In full and unchanged, set down the entries that follow, with no images.

* [RECORDS FOR THIS EXERCISE]:
= = = = =

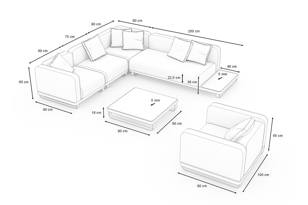 Das großzügige Set besteht aus einem Sessel, einem Mittelsofa, einem Abschlusssofa rechts, einem Zweisitzer mit integrierter Ablage, einem Ecksofa sowie einem modernen Loungetisch. Zusätzlich sind sieben dekorative Kissen und komfortable Sitz- und Rückenpolster im Lieferumfang enthalten. Die Kombination aus klarer Formsprache und weichen Polstern schafft ein harmonisches Gesamtbild, das sowohl zeitlos als auch modern wirkt.
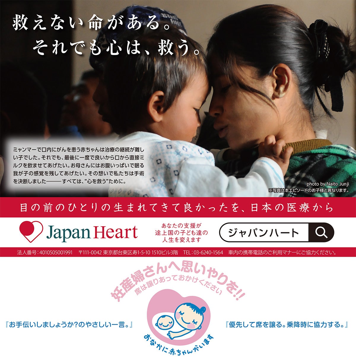 途上国の“子どもを救う”ジャパンハートとお腹の“赤ちゃんを守る”マタニティマークのタイアップ電車広告が掲出開始
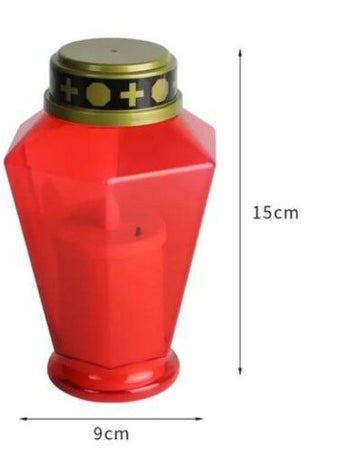 Lumino votivo cimiteriale a led effetto fiamma con batterie 2aa e interruttore
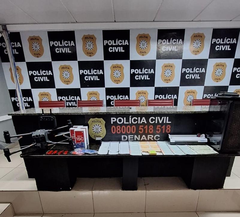 A ação ainda resultou na apreensão de quatro telefones novos preparados para arremesso, oito telefones dos suspeitos, um controle de drone, três hélices de drone, três armas, duas carteiras falsas de Delegados de Polícia, selos e espelhos de autenticação de cartórios, cédulas falsas de carteiras de identidade e dois carros, sendo um deles elétrico avaliado em 400mil reais.
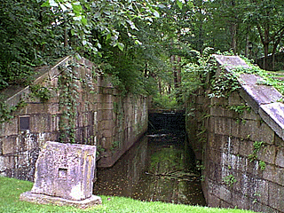 Delaware and Hudson(D&H) Canal lies quiet and still now. Green trees
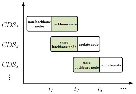 5. Periodic Updates of MCDSs: To effectively respond to continuous dynamic changes in the network, the algorithm periodically checks and adjusts the alternative CDSs (MCDSs) according to a predefined schedule. Once the number of available MCDSs falls below a critical threshold of 2, the algorithm initiates the MCDS construction process again. This ensures that even under significant changes in network conditions, the backbone network maintains its coverage and connectivity. When the network topology changes, the scheduling process is re-executed based on Algorithm 2, which is the backbone network maintenance algorithm based on multi-CDS scheduling, to adapt to the new network environment.
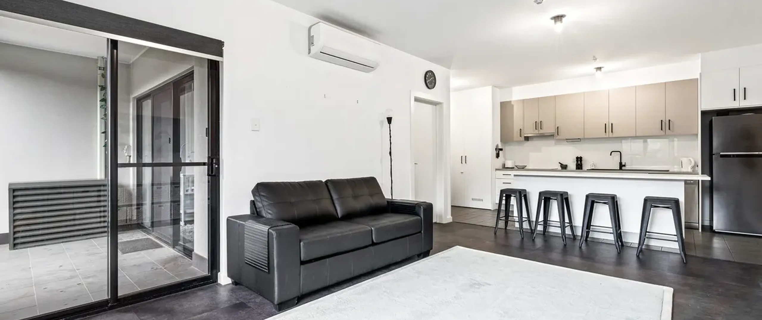 - Light-filled living/dining area with split system air conditioner and sliding door access to the alfresco courtyard

= = = = =

* [ANSWER BELOW]:
 Das großzügige Set besteht aus einem Sessel, einem Mittelsofa, einem Abschlusssofa rechts, einem Zweisitzer mit integrierter Ablage, einem Ecksofa sowie einem modernen Loungetisch. Zusätzlich sind sieben dekorative Kissen und komfortable Sitz- und Rückenpolster im Lieferumfang enthalten. Die Kombination aus klarer Formsprache und weichen Polstern schafft ein harmonisches Gesamtbild, das sowohl zeitlos als auch modern wirkt.
 途上国の“子どもを救う”ジャパンハートとお腹の“赤ちゃんを守る”マタニティマークのタイアップ電車広告が掲出開始
 Lumino votivo cimiteriale a led effetto fiamma con batterie 2aa e interruttore
 A ação ainda resultou na apreensão de quatro telefones novos preparados para arremesso, oito telefones dos suspeitos, um controle de drone, três hélices de drone, três armas, duas carteiras falsas de Delegados de Polícia, selos e espelhos de autenticação de cartórios, cédulas falsas de carteiras de identidade e dois carros, sendo um deles elétrico avaliado em 400mil reais.
 Delaware and Hudson(D&H) Canal lies quiet and still now. Green trees
 5. Periodic Updates of MCDSs: To effectively respond to continuous dynamic changes in the network, the algorithm periodically checks and adjusts the alternative CDSs (MCDSs) according to a predefined schedule. Once the number of available MCDSs falls below a critical threshold of 2, the algorithm initiates the MCDS construction process again. This ensures that even under significant changes in network conditions, the backbone network maintains its coverage and connectivity. When the network topology changes, the scheduling process is re-executed based on Algorithm 2, which is the backbone network maintenance algorithm based on multi-CDS scheduling, to adapt to the new network environment.
 - Light-filled living/dining area with split system air conditioner and sliding door access to the alfresco courtyard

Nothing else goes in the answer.